Be sure to check out the other projects as well.
**The main project is currently under submission. ***
0. Main project << under submission
2. PYNQ + PWM(DC-Motor Control)
3. Object Detection(Yolo) with DPU-PYNQ
4. Implementation DPU, GPIO, and PWM
6. GStreamer + OpenCV with 360°Camera
7. 360 Live Streaming + Object Detect(DPU)
8. ROS2 3D Marker from 360 Live Streaming
9. Control 360° Object Detection Robot Car
10. Improve Object Detection Speed with YOLOX
11. Benchmark Architectures of the DPU
12. Power Consumption of 360° Object Detection Robot Car
13. Application to Vitis AI ONNXRuntime Engine (VOE) << this project
14. Appendix: Object Detection Using YOLOX with a Webcam
*In this subproject, we will conduct tests in a different environment from the main project as part of the benchmarking process.

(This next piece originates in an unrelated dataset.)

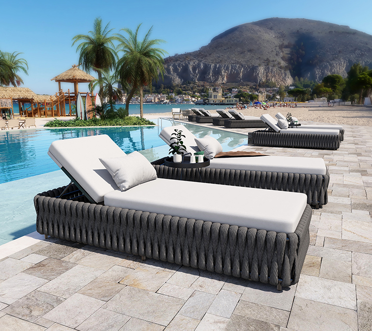 T/T, LC, OA is also available.Leisure Hotel Garden Sun Loungers Outdoor Exterior Aluminum Rope Chaise Lounge Chair Sunbed With Side Table

IntroductionWe experimented with running YOLOX using ONNX on a DPU and Python.
This project involved setting up a dedicated ONNX environment on the KR260. We will also introduce the use of the Vitis AI ONNX Runtime Engine (VOE).
Using ONNX Runtime makes Vitis AI even more user-friendly. This time, we are testing the comparison between CPU and DPU using ONNX.

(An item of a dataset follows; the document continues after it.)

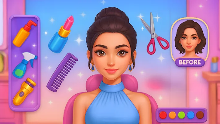 Hair Salon Stylist: Cut, Color, and Style is a feature that allows users to wash, dry, cut, and dye hair like a professional stylist. They can experiment with different hairstyles and hair colors to match every outfit. By combining makeup and hair salon games, users can achieve a full fashion makeover.

The ONNX and DPU (KR260) Test video is shown below:
Moreover, comparison of CPU and DPU on ONNX Test video is shown below:
Vitis AI 3.5 ONNXVitis AI 3.5 ONNX supports both C++ and Python. Refer to the official documentation here:
https://docs.amd.com/r/en-US/ug1414-vitis-ai/Programming-with-VOE
For YOLOX in C++, sample code is provided officially here:
https://github.com/Xilinx/Vitis-AI/tree/v3.5/examples/vai_library/samples_onnx/yolovx_nano
In this subproject, we will write and test YOLOX in Python code.

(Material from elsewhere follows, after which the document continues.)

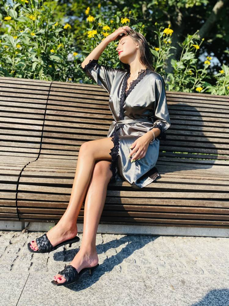 Ez a modell rendelkezik a tökéletes alsószoknya minden tulajdonságával - szexi, jó minőségű anyagból készült, és a szabása tökéletesen kiemeli bármelyik sziluettet. Ha szereti az érzéki köntösöket, amelyek lágyan körbeölelik a testét, és a hűvös szatén érintése a felhevült bőrén luxusérzetet kelt - akkor a mi köntösünket kell választania. Az eleje és a széles ujjak kiváló minőségű csipkével díszítettek, hogy egyedi hatást keltsenek. Garantáljuk, hogy nagyon nőiesnek és érzékinek fogja érezni magát benne. A köntöshöz egy szatén öv van hozzáadva, hogy megfelelően beállíthassa és kiegyenlítse az arányokat.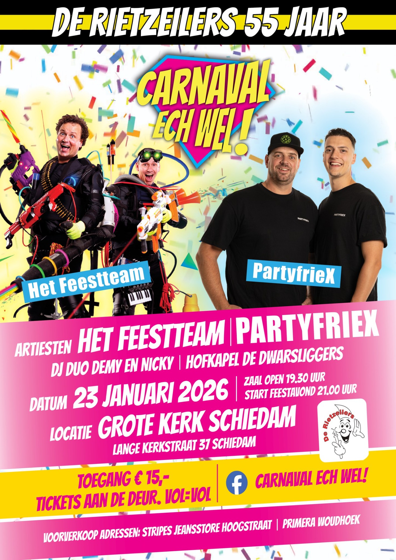 Ons eerste optreden in 2025 als hofkapel van de Rietzeilers is vrijdag 31 Januari bij Carnaval Ech Wel! in Schiedam.

Building the Environment with PetaLinux from BSPThis subproject, we used PetaLinux to create the OS environment on the KR260. Download the BSP file from the link below and build it with PetaLinux:
source /opt/petalinux/2023.1/settings.sh
petalinux-create -t project -s xilinx-kr260-starterkit-v2023.1-05080224.bsp
cd xilinx-kr260-starterkit-2023.1/
petalinux-build
petalinux-package --boot --u-boot --force
petalinux-package --wic --images-dir images/linux/ --bootfiles "ramdisk.cpio.gz.u-boot,boot.scr,Image,system.dtb,system-zynqmp-sck-kr-g-revB.dtb" --disk-name "sda"
Note:
Petalinux is used because the onnxruntime could not be installed in the Ubuntu environment.
Writing the Image to the SD CardWrite the SD card image (.wic) created with Petalinux, found in the following folder:
~/xilinx-kr260-starterkit-2023.1/images/linux/
We use balenaEtcher to write it to the SD card.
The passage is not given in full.